Sunday, October 17, 2010

Peacemaking

Last night I went to the Mennonite Church that is only 4 blocks from my house to hear a speaker, Kathleen Kern, from Christian Peacemaking Teams.  This is an organization that has volunteers/employees that go to places where there is armed conflict and stand or walk with people to try to stop the violence and keep innocent groups safe.  They currently are at work in Colombia, northern Iraq, and the West Bank.  In the past they have been in the Congo, Puerto Rico, South Africa, and Haiti.

Kathleen has worked with this group since 1993.  She is a Mennonite woman in her 40's who, I'm sorry to say, is a very disorganized speaker.  BUT her enthusiasm and sincerity for her work more than made up for her lack of polish, her love for the run-on sentence, or her inability to answer a simple question in less than 5 minutes.  I left with a great deal of information and respect for both the work that CPTs do, and respect for the difficulty of doing it well.

The obvious challenge, for me, would be the bravery necessary to do the work. They use the bravery of people in the military as inspiration, thinking of all the soldiers who have put themselves in harms way and sacrificed their lives for what they believed in, while advocating non-violence themselves. One member of a team in Iraq was kidnapped and killed while working there. Faith in God is a big part of what sustains their teams, according to Kathleen.  She mentioned that sometimes even when the teams don't know what they are doing, they succeed.  She said that, for her, this is a sign that God can work through people who are clueless just as well as those who seem to know what they are doing.  And that now when she reads the New Testament about the early movement of the church, she sees that same thing in the work of the apostles.  That made me smile.

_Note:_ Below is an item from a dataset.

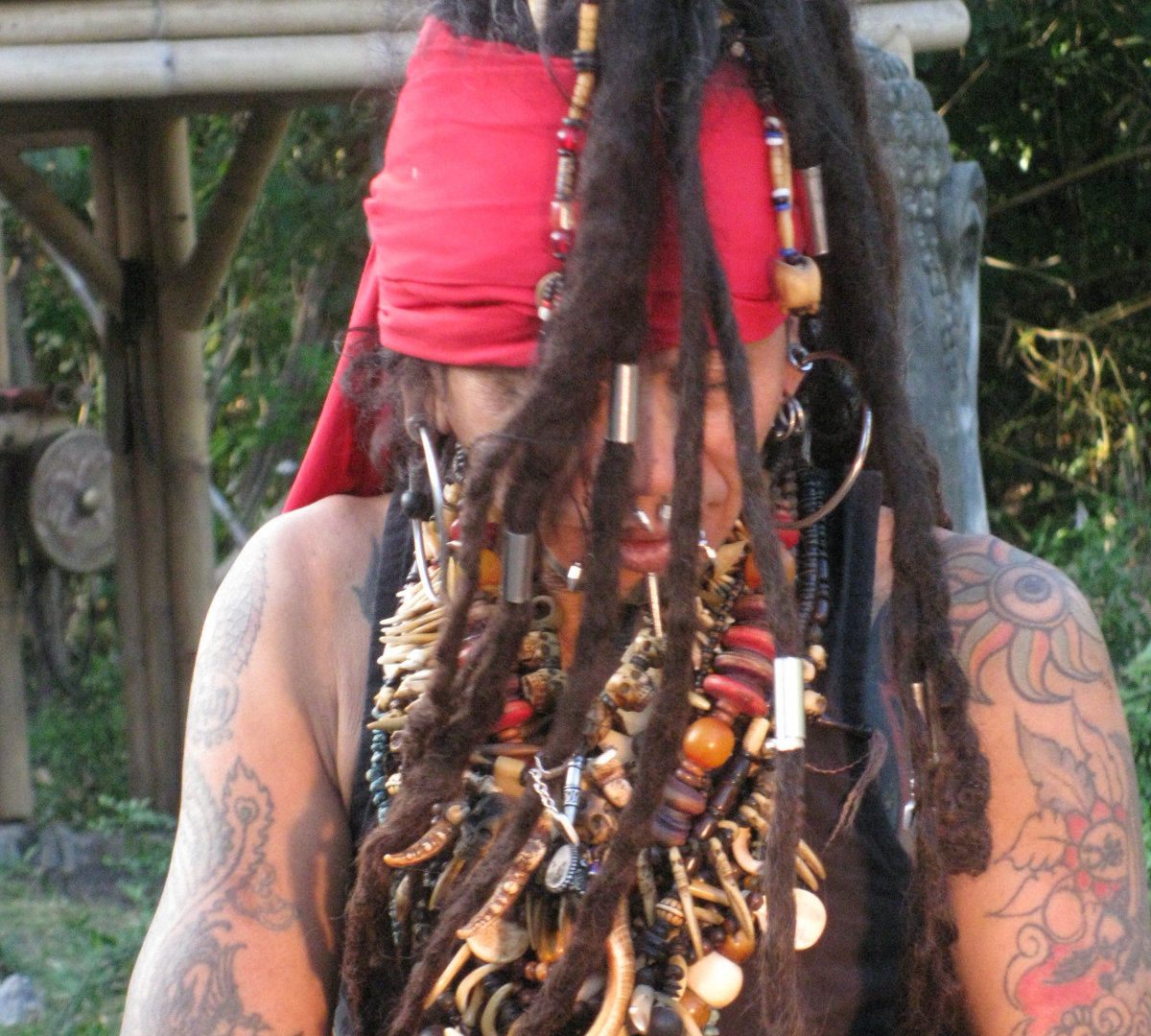 На территории имелся небольшой прудик с целебной грязью. В прудике хозяин дома проводил занятия йогой и устраивал всякие представления для друзей и туристов. Я подозревала, что без использования грязевого прудика тут не обойдётся. И не ошиблась.

After more than 20 years of work this group is far from clueless.  They have worked through a lot of organizational struggles including how to promote their work without a great deal of self-aggrandizement, latent racism in teams working in other cultures, and how to promote peacemaking among people in other religions while maintaining a Christian identity which, according to Kathleen, is critical to their work.  They do it all with a level of self-reflection I found inspiring.

1 comment:

Kathleen said...

I'm so grateful for the work they are doing. And thanks to you for writing about it.

Mom and I were just speaking of the Mennonite church and community (residences near the church) the other night, and I was realizing how close you are! Dad became familiar with a large Mennonite community many years ago in northern Ohio.